Struct landlock::RulesetCreated

pub struct RulesetCreated { /* private fields */ }

Ruleset created with Ruleset::create().

Implementations

impl RulesetCreated

pub fn restrict_self(self) -> Result<RestrictionStatus, RulesetError>

Attempts to restrict the calling thread with the ruleset according to the best-effort configuration (see RulesetCreated::set_compatibility() and CompatLevel::BestEffort). Call prctl(2) with the PR_SET_NO_NEW_PRIVS according to the ruleset configuration.

On error, returns a wrapped RestrictSelfError.

pub fn try_clone(&self) -> Result<Self>

Creates a new RulesetCreated instance by duplicating the underlying file descriptor. Rule modification will affect both RulesetCreated instances simultaneously.

On error, returns std::io::Error.

Trait Implementations

impl AsMut<RulesetCreated> for RulesetCreated

fn as_mut(&mut self) -> &mut RulesetCreated

Converts this type into a mutable reference of the (usually inferred) input type.

impl Compatible for &mut RulesetCreated

fn set_compatibility(self, level: CompatLevel) -> Self

To enable a best-effort security approach, Landlock features that are not supported by the running system are silently ignored by default, which is a sane choice for most use cases. However, on some rare circumstances, developers may want to have some guarantees that their applications will not run if a certain level of sandboxing is not possible. If we really want to error out when not all our requested requirements are met, then we can configure it with set_compatibility().

fn set_best_effort(self, best_effort: bool) -> Self

where Self: Sized,

👎Deprecated: Use set_compatibility() instead

Cf. set_compatibility():

impl Compatible for RulesetCreated

fn set_compatibility(self, level: CompatLevel) -> Self

To enable a best-effort security approach, Landlock features that are not supported by the running system are silently ignored by default, which is a sane choice for most use cases.
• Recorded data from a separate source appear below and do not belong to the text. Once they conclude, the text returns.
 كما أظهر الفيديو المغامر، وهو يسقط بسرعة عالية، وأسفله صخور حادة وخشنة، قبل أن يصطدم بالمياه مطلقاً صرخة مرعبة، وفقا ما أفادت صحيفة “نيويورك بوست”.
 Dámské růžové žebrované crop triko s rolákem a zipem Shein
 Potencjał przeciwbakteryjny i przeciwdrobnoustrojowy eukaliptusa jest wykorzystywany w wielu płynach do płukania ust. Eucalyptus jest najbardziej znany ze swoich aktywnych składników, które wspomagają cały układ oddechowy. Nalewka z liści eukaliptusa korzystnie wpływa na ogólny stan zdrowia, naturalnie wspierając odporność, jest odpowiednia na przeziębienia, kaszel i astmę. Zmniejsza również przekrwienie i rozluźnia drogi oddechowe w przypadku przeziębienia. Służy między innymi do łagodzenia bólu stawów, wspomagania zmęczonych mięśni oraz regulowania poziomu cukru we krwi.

However, on some rare circumstances, developers may want to have some guarantees that their applications will not run if a certain level of sandboxing is not possible. If we really want to error out when not all our requested requirements are met, then we can configure it with set_compatibility().
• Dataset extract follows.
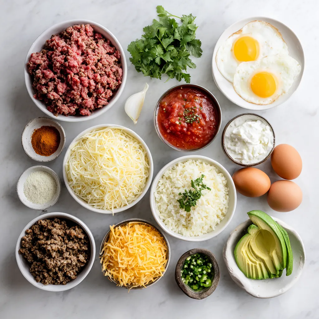 The main ingredients in Keto Taco Pizza Casserole are key for flavor. Ground beef or turkey gives the dish its hearty base. Use diced onions and minced garlic for a savory kick. Taco seasoning adds bold flavors, enhancing the overall taste.
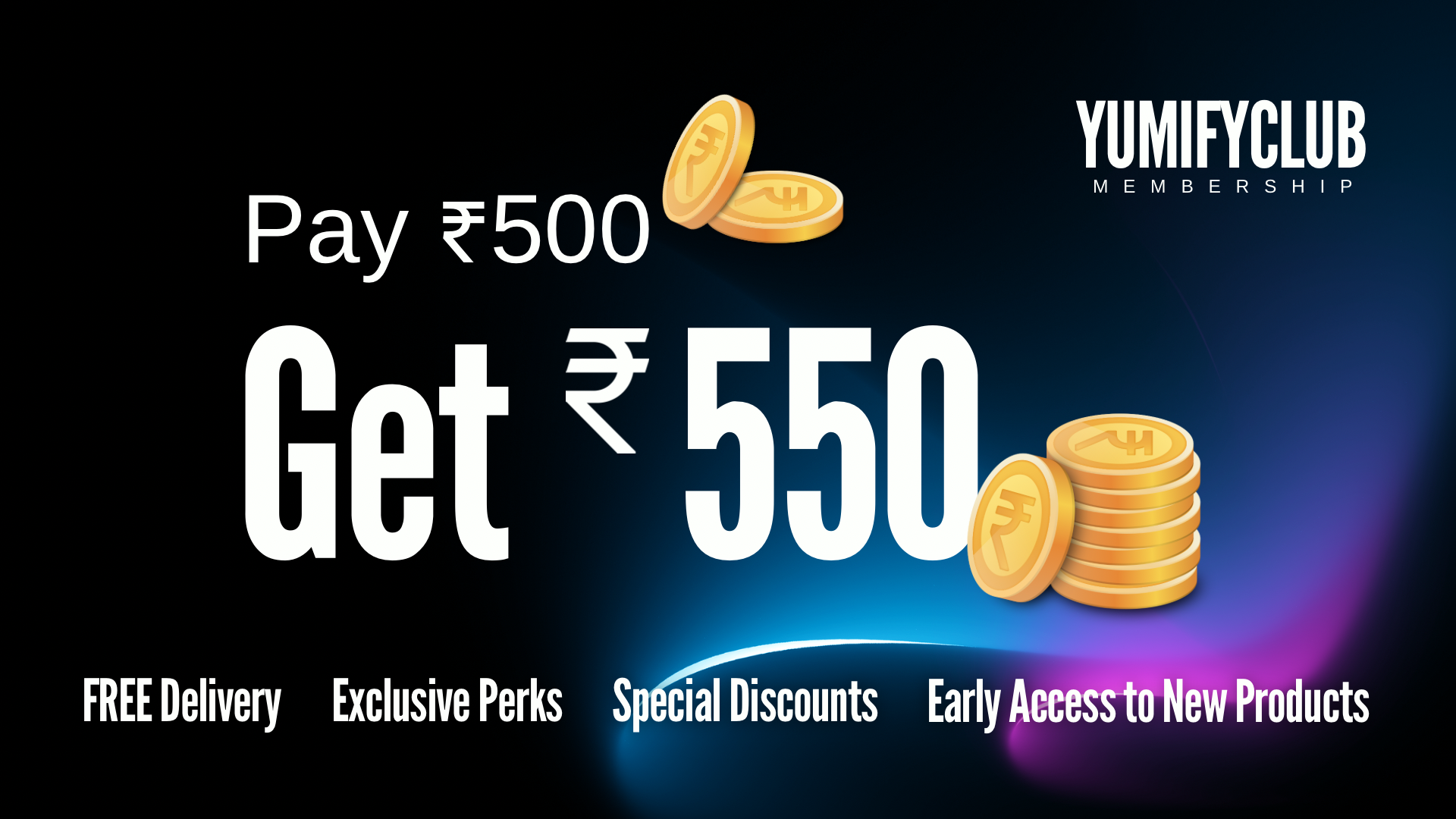 Along with your wallet balance, you enjoyFREE delivery, exclusive member perks, special discounts, and early access to new Yumify products.

fn set_best_effort(self, best_effort: bool) -> Self

where Self: Sized,

👎Deprecated: Use set_compatibility() instead

Cf. set_compatibility():

impl Drop for RulesetCreated

fn drop(&mut self)

Executes the destructor for this type.

impl RulesetCreatedAttr for &mut RulesetCreated

fn add_rule<T, U>(self, rule: T) -> Result<Self, RulesetError>

where T: Rule<U>, U: Access,

Attempts to add a new rule to the ruleset.
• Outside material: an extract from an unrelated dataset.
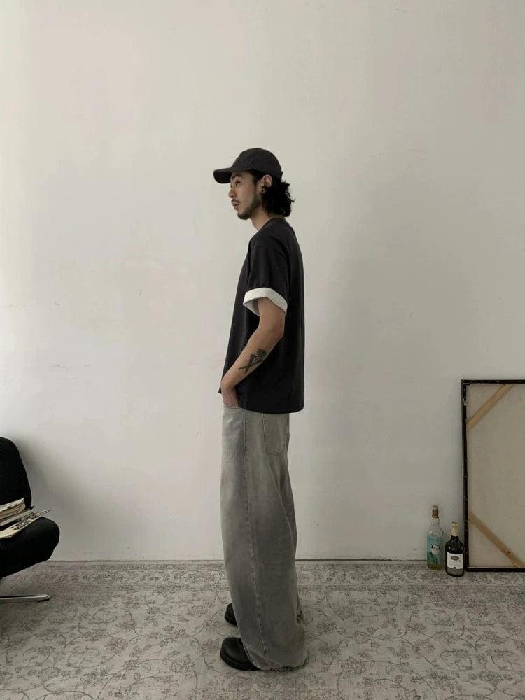 Model is 6ft (185cm) tall, 159 lbs(72kg) weight and wearing a size XXL 160cm 42.5kg wearing size S - CLOUD GRAY- Baggy style- Straight fit- DENIM
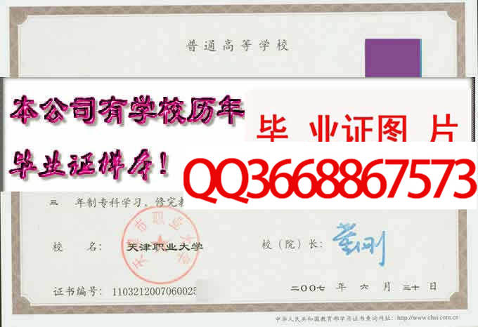 备注:本公司资料库存有天津职业大学的历年成人毕业证、自考毕业证、统招毕业证样本。拥有天津职业大学历任院(校)长。

fn add_rules<I, T, U, E>(self, rules: I) -> Result<Self, E>

where I: IntoIterator<Item = Result<T, E>>, T: Rule<U>, U: Access, E: From<RulesetError>,

Attempts to add a set of new rules to the ruleset.

fn set_no_new_privs(self, no_new_privs: bool) -> Self

Configures the ruleset to call prctl(2) with the PR_SET_NO_NEW_PRIVS command in restrict_self().

impl RulesetCreatedAttr for RulesetCreated

fn add_rule<T, U>(self, rule: T) -> Result<Self, RulesetError>

where T: Rule<U>, U: Access,

Attempts to add a new rule to the ruleset.

fn add_rules<I, T, U, E>(self, rules: I) -> Result<Self, E>

where I: IntoIterator<Item = Result<T, E>>, T: Rule<U>, U: Access, E: From<RulesetError>,

Attempts to add a set of new rules to the ruleset.

fn set_no_new_privs(self, no_new_privs: bool) -> Self

Configures the ruleset to call prctl(2) with the PR_SET_NO_NEW_PRIVS command in restrict_self().